▶ [Task details]
Please reproduce all of the data exactly as it appears, but skip the pictures.

Available data Block Start

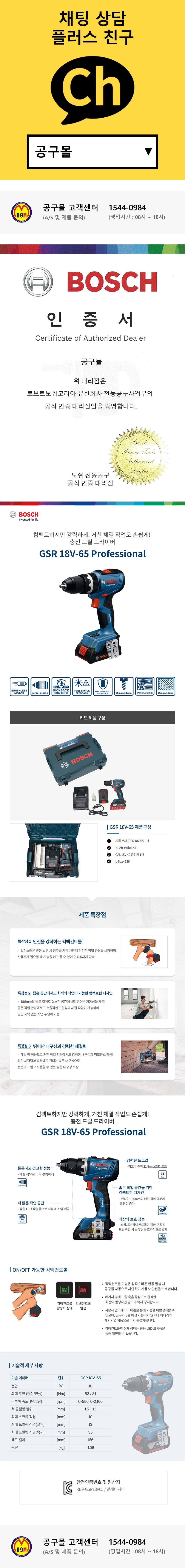 보쉬 충전드릴드라이버 GSR18V-65 (18V-2.0AH) 무선드릴 가정용
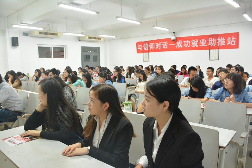 为了使学生切实了解更多就业知识,提高面试及应聘技巧,增强就业竞争力,10月24日晚上19:30,我院举办的“与信仰对话——成功就业助推站”第二场面试实战营于主校区博智楼07304如期举行。本次活动邀请了重庆市农业担保有限公司人力资源部经理邓韵来到现场,为学生们奉献上一场精彩的现场面试实战演练,为即将面对秋季招聘的学生提供可行的求职面试建议。我院的刘洋老师、刘惠君老师一起出席本次活动。
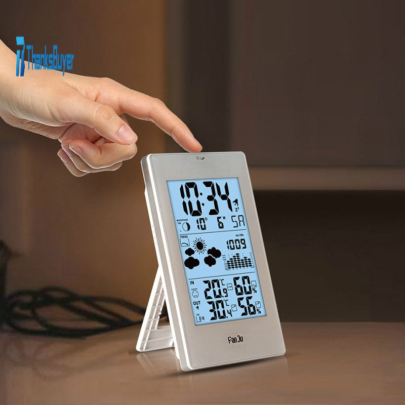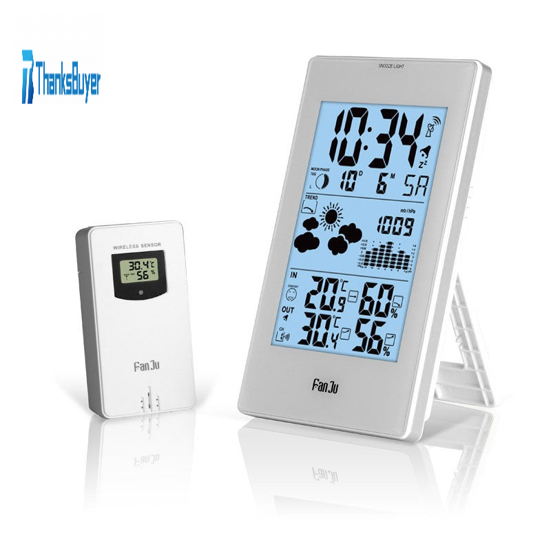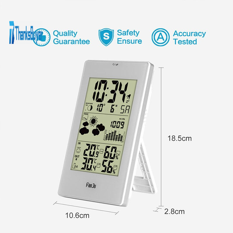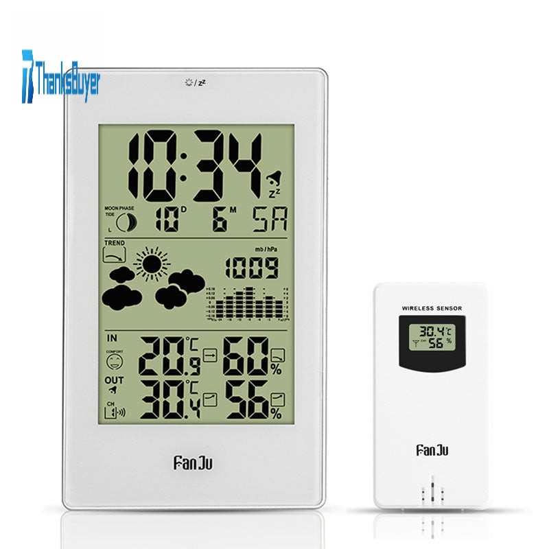FanJu Indoor Outdoor Thermometer Hygrometer Barometer Wireless Weather Station Alarm Clock Weather Forecaster Station
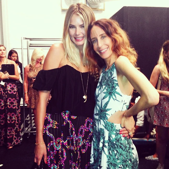Szerencsére a kifutón ennél látványosabb, és főleg színesebb volt a kínálat. Mara Hoffman bemutatóján, ahol a GLAMOUR is járt, persze másra nem is számíthattunk, hiszen a tervezőnő még 2010-ben egészen extrém színes, afrikai törzsi mintákkal díszített kollekcióval debütált. Az évek során egyre letisztultabbá váló szín- és mintahasználatnak köszönhetően 2015-re már az afrikai és orientális hatás már csak nyomokban lelhető fel a ruhákon, viszont még mindig a saját, most már inkább geometrikus irányba elmozduló printek adják a ruhák karakterét. A nyári kollekcióból természetesen nem hiányozhattak a fürdőruhák sem, hiszen 2008 óta immár önálló brandként is megjelent, és azonnal igencsak kedveltté vált a Mara Hoffman név. A Sunrisers névre keresztelt kollekció alapszíne a fehér volt, amelyet fakó színű geometriai printek ellensúlyoztak. Olyan volt, mintha egy régi, a 70-es évekből származó kissé kifakult tengerparti fotóról léptek volna le a modellek, hogy erősebb legyen a hatás, a show zenei mixében felbukkant például Jim Morrison hangja is. Nem ő volt az egyetlen Morrison a bemutatón, hiszen a fő helyen, a Dr. House gyönyörű szőkesége, Jennifer Morrison foglalt helyet az első sorban. A színésznő a show előtt készségesen pózolt a kameráknak, amikor sikerült közelebb férkőznünk hozzá, akkor éppen arról beszélt egy riporternek, hogy a húga, Julie fedezte fel először a Mara Hoffman márkát, és azóta ő is lelkes híve tervezőnek.
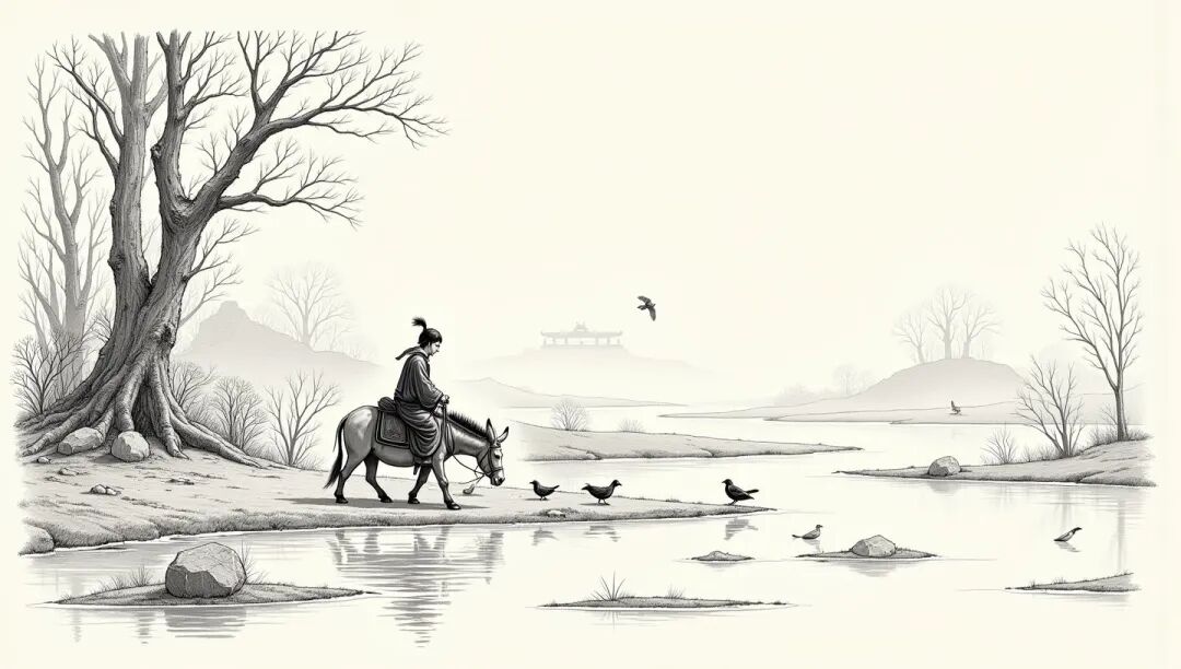 唐代诗人贾岛,有一天到长安城外郊游,看到曲江池边的树旁,有成群的鸟儿在鸣唱,林中隐藏一座古庙景致极佳。他骑在毛驴上,边走边看,触景生情:忽然吟出几句诗来:
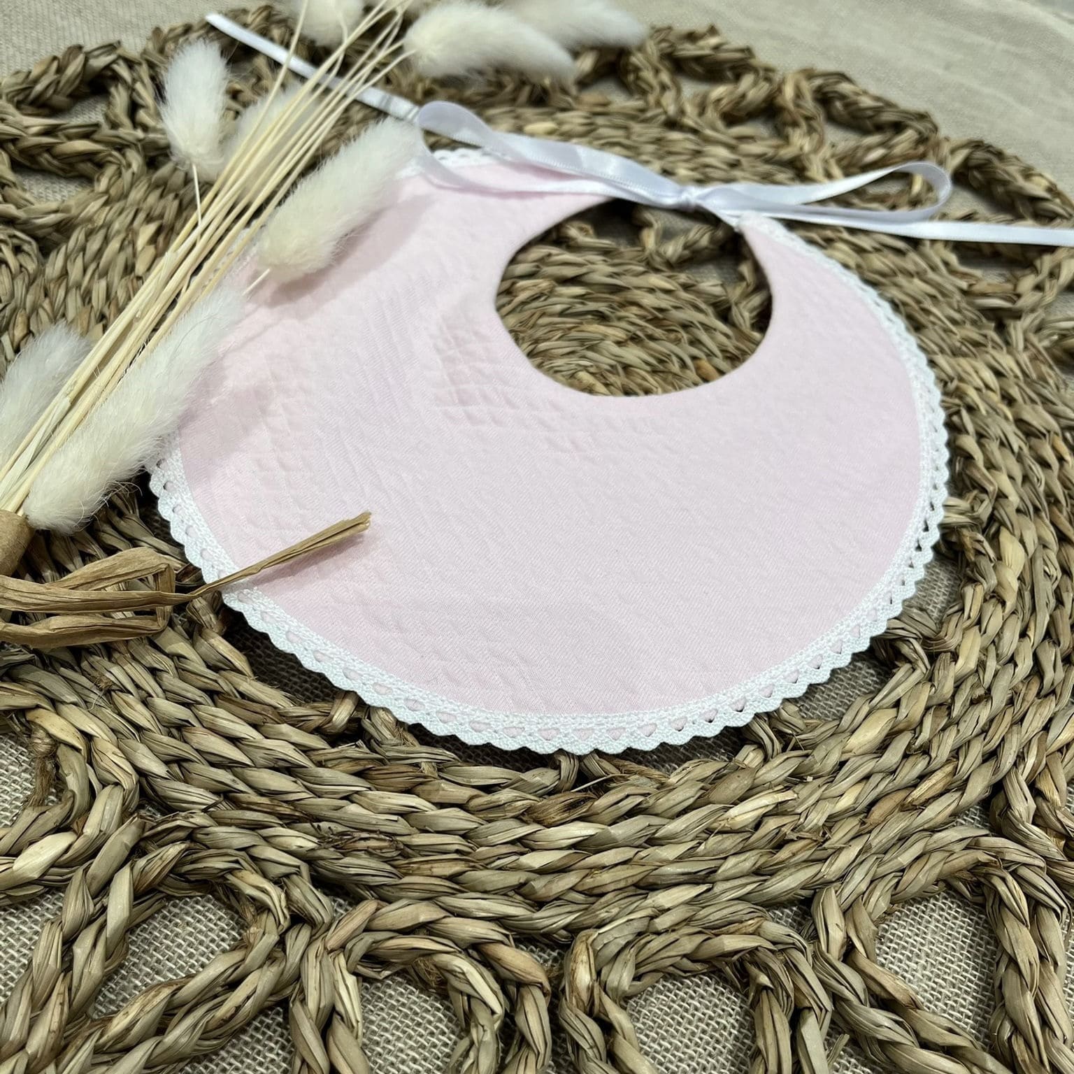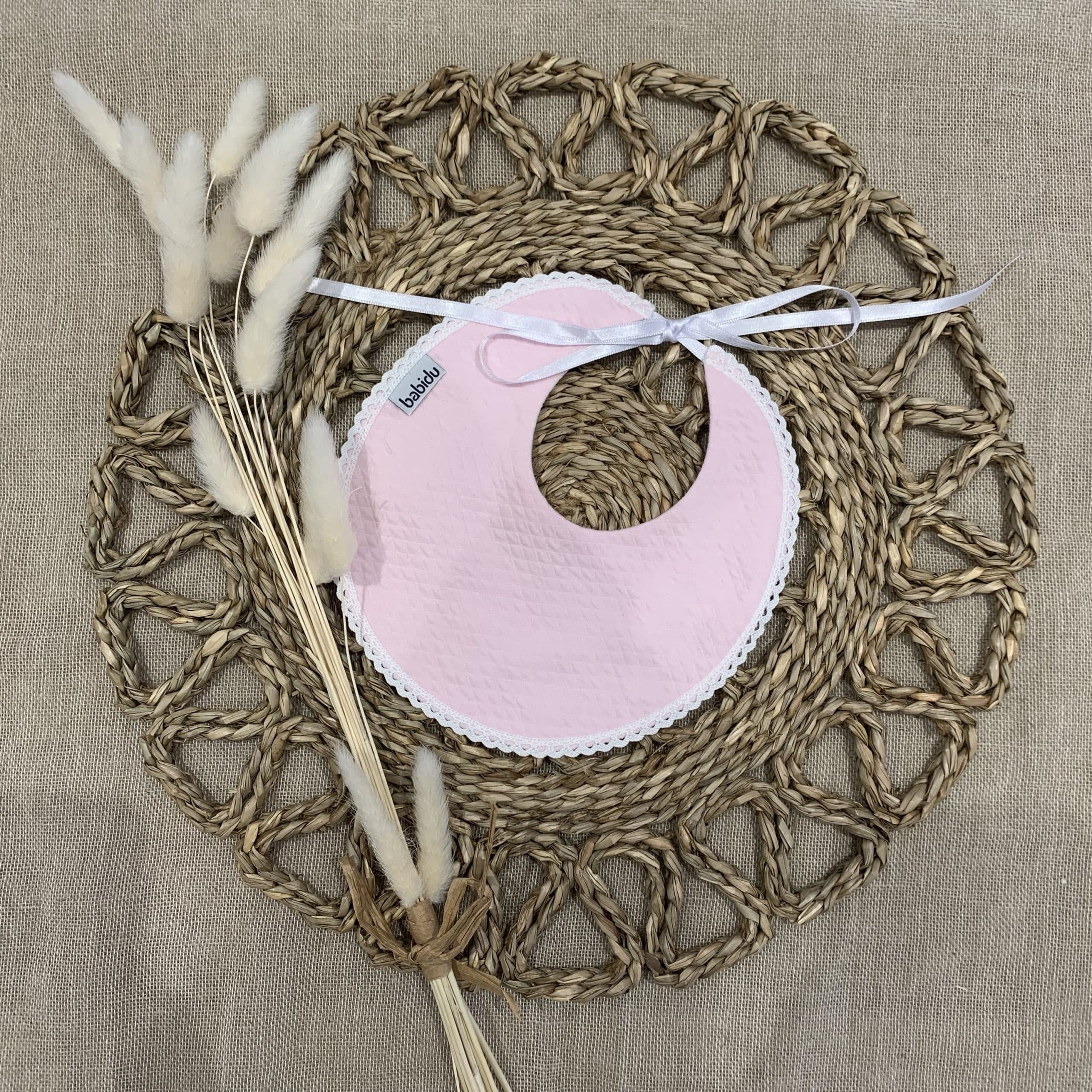 Pink woven cotton bib from Babidu, suitable for baby boys & girls. With delicate white lace embroidery around the edges, this sweet bib fastens

Available data Block End

▶ [Response for this exercise]
 보쉬 충전드릴드라이버 GSR18V-65 (18V-2.0AH) 무선드릴 가정용
 为了使学生切实了解更多就业知识,提高面试及应聘技巧,增强就业竞争力,10月24日晚上19:30,我院举办的“与信仰对话——成功就业助推站”第二场面试实战营于主校区博智楼07304如期举行。本次活动邀请了重庆市农业担保有限公司人力资源部经理邓韵来到现场,为学生们奉献上一场精彩的现场面试实战演练,为即将面对秋季招聘的学生提供可行的求职面试建议。我院的刘洋老师、刘惠君老师一起出席本次活动。
FanJu Indoor Outdoor Thermometer Hygrometer Barometer Wireless Weather Station Alarm Clock Weather Forecaster Station
Szerencsére a kifutón ennél látványosabb, és főleg színesebb volt a kínálat. Mara Hoffman bemutatóján, ahol a GLAMOUR is járt, persze másra nem is számíthattunk, hiszen a tervezőnő még 2010-ben egészen extrém színes, afrikai törzsi mintákkal díszített kollekcióval debütált. Az évek során egyre letisztultabbá váló szín- és mintahasználatnak köszönhetően 2015-re már az afrikai és orientális hatás már csak nyomokban lelhető fel a ruhákon, viszont még mindig a saját, most már inkább geometrikus irányba elmozduló printek adják a ruhák karakterét. A nyári kollekcióból természetesen nem hiányozhattak a fürdőruhák sem, hiszen 2008 óta immár önálló brandként is megjelent, és azonnal igencsak kedveltté vált a Mara Hoffman név. A Sunrisers névre keresztelt kollekció alapszíne a fehér volt, amelyet fakó színű geometriai printek ellensúlyoztak. Olyan volt, mintha egy régi, a 70-es évekből származó kissé kifakult tengerparti fotóról léptek volna le a modellek, hogy erősebb legyen a hatás, a show zenei mixében felbukkant például Jim Morrison hangja is. Nem ő volt az egyetlen Morrison a bemutatón, hiszen a fő helyen, a Dr. House gyönyörű szőkesége, Jennifer Morrison foglalt helyet az első sorban. A színésznő a show előtt készségesen pózolt a kameráknak, amikor sikerült közelebb férkőznünk hozzá, akkor éppen arról beszélt egy riporternek, hogy a húga, Julie fedezte fel először a Mara Hoffman márkát, és azóta ő is lelkes híve tervezőnek.
 唐代诗人贾岛,有一天到长安城外郊游,看到曲江池边的树旁,有成群的鸟儿在鸣唱,林中隐藏一座古庙景致极佳。他骑在毛驴上,边走边看,触景生情:忽然吟出几句诗来:
 Pink woven cotton bib from Babidu, suitable for baby boys & girls. With delicate white lace embroidery around the edges, this sweet bib fastens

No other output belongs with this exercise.